Из дневника читателя
Перечитывал недавно великолепную чеховскую «Степь». Читать я решил её, чтобы отдохнуть от напряжения той тяжкой и жутковатой работы, которую взвалил на себя в эти дни, не зная даже, нужно ли будет это кому-то. В преддверии юбилея Льва Троцкого я решил ещё и о нём подробнее узнать. Узнать не мнения об этом человеке, прости Господи, а хорошо бы истину. Мнениями жить мне надоело и недостойным уже кажется. Вот так и получилось, что «Степь» я читал вместе со всякими документами и записками людей, которые видели и знали Льва Бронштейна, и могли дополнить смутный этот и кромешный образ. Ну так вот, читаю я Чехова и вдруг чувствую - мурашки бегут по коже. И между строк, чеховских, лезет ко мне в душу этот самый Троцкий, но только не монументальный ещё, изображённый льстивым до безобразия карандашом Юрия Анненкова, а начальный, ещё местечковый, не помышляющий пока о перманентных убийствах и конных набегах на Варшаву, Берлин и Мадрас. Он ещё как будто бы в коконе. Или в яйце клеща, подсаженного уже под кожу России и пьющего уже, несмелыми пока глотками, сок и кровь её.

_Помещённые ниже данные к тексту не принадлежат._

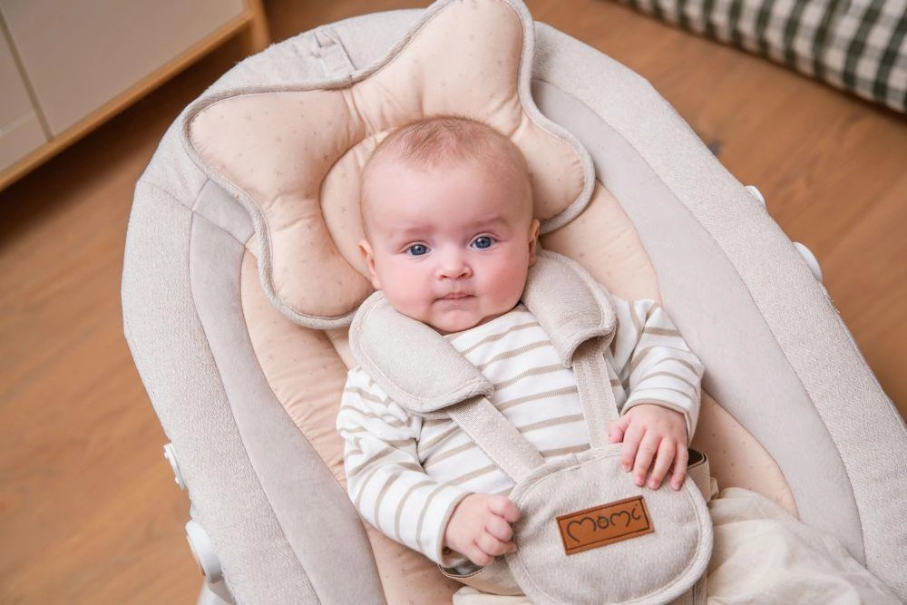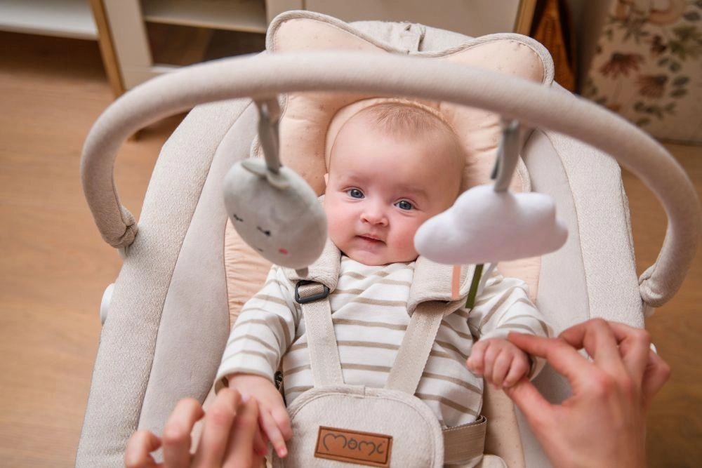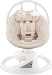 L’altalena MoMi PEARL è un aiuto moderno per i genitori che combina movimento rilassante, musica e comfort in un unico prodotto. Grazie a due modalità di dondolio e alla seduta girevole a 360° puoi adattare facilmente posizione e intensità del dondolio alle esigenze del tuo bebè. L’imbottitura morbida, la cintura di sicurezza a 5 punti e lo schienale regolabile garantiscono sicurezza e comfort nell’uso quotidiano.

Чеховские герои попадают на постоялый двор, который содержит где-то в украинской степи еврейская семья, и маленький путешественник Егорушка видит некоего Соломона, до жути напоминающего нам портрет Льва Троцкого той именно поры, когда был он всего лишь Бронштейном ещё. Осмелюсь утверждать, что многие строчки Чехова тут продиктованы именно предчувствием Троцкого. Читаю я эти строки и особо невероятным представляется мне чеховский великий талант. Ведь это надо же так уметь угадать будущее, будто оно сместилось во времени и в живой плоти предстало перед глазами писателя: «Теперь при свете лампочки можно было разглядеть его улыбку; она была очень сложной и выражала много чувств, но преобладающим было одно — явное презрение. Он как будто думал о чём-то смешном и глупом, кого-то терпеть не мог и презирал, чему-то радовался и ждал подходящей минуты, чтобы уязвить насмешкой и покатиться со смеху. Его длинный нос, жирные губы и хитрые выпученные глаза, казалось, были напряжены от желания расхохотаться»

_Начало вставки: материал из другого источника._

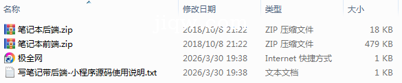 极全网】写笔记带后端-小程序源码目录1个子文件夹0个文件4个
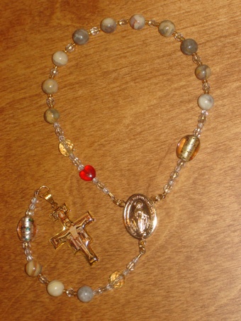 crazy lace agate with gold-speckled clear glass paters and enameled 'San Damiano' cross

Да ведь именно так и описывают многочисленные мемуаристы и свидетели лик Троцкого с явными признаками энтомологических и сатанинских черт. Вот, например, каким видит его Джон Рид в 1917 году: «Худое заострённое лицо Троцкого выражало мефистофельскую злобную иронию». Дальше американец видит его на трибуне какого-то грандиозного пролетарского собрания: «На трибуну поднялся спокойный и ядовитый, уверенный в своей силе Троцкий». И ещё из той же оперы: «На его губах блуждала саркастическая улыбка, почти насмешка». Ядовитая, как жало осенней осы ирония, маска едкого сарказма не сходят уже с его лица. Это подметил и другой революционный мемуарист, отошедший по какой-то причине от большевизма Владимир Медем: «У Троцкого был сильно очерченный рот, большой, кривой, кусающий, наводящий страх… Он обладал острым языком, опережавшим его мысль. К нему подходила русская пословица о человеке, который ради красного словца не пожалеет родного отца… В последующие годы он очень изменился, стал более уравновешенным, но язык остался».

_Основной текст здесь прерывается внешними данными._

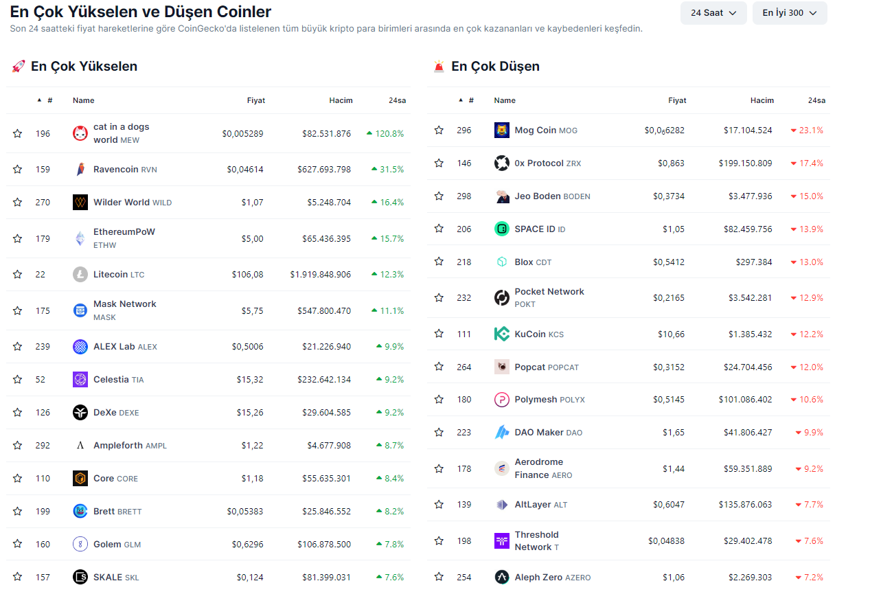 Başarılı bir veri sağlayıcısı olan CoinGecko’nun paylaştığı bilgilere göre ilk 300 kripto para birimi içerisinde en çok yükselen altcoin Cat in Dogs World (MEW) oldu. MEW isimli meme coin bugün %120 oranında değer kazandı.

Чеховский Соломон-Троцкий, конечно, ещё не оформился в грозного и безжалостного человекообразного паука или ядовитого клеща-кровососа. Но у него уже всё для этого есть, кроме власти, которой будет обладать Лев Давидович: «Егорушка встряхнул головой и поглядел вокруг себя; мельком он увидел лицо Соломона и как раз в тот момент, когда оно было обращено к нему в три четверти и когда тень от его длинного носа пересекла всю левую щеку; презрительная улыбка, смешанная с этой тенью, блестящие, насмешливые глаза, надменное выражение и вся его ощипанная фигурка, двоясь и мелькая в глазах Егорушки, делали его теперь похожим не на шута, а на что-то такое, что иногда снится, вероятно, на нечистого духа». Власть, безграничная власть его окончательно преобразит. Местечковый Соломон-Троцкий вот как уже выглядит в первый год революции. Опишем его глазами Александра Куприна, который имел однажды возможность наблюдать его с близкого расстояния: «Видали ли вы когда-нибудь под микроскопом голову муравья, паука, клеща, блохи, или москита, с их чудовищными жевательными, кровососными, колющими, пилящими и режущими аппаратами? Почувствовали ли вы сверхъестественную, уродливую злобность, угадываемую в том хаосе, который можно назвать их “лицом”? А если вы это видели и почувствовали, то не приходила ли вам в голову дикая мысль: “А что, если бы это ужасное и так чрезмерно вооружённое для кровопролития существо было ростом с человека и обладало в полной мере человеческим разумом и волею?”. Если была у вас такая мысль, то вы поймете мой тогдашний страх — тоскливый и жуткий...».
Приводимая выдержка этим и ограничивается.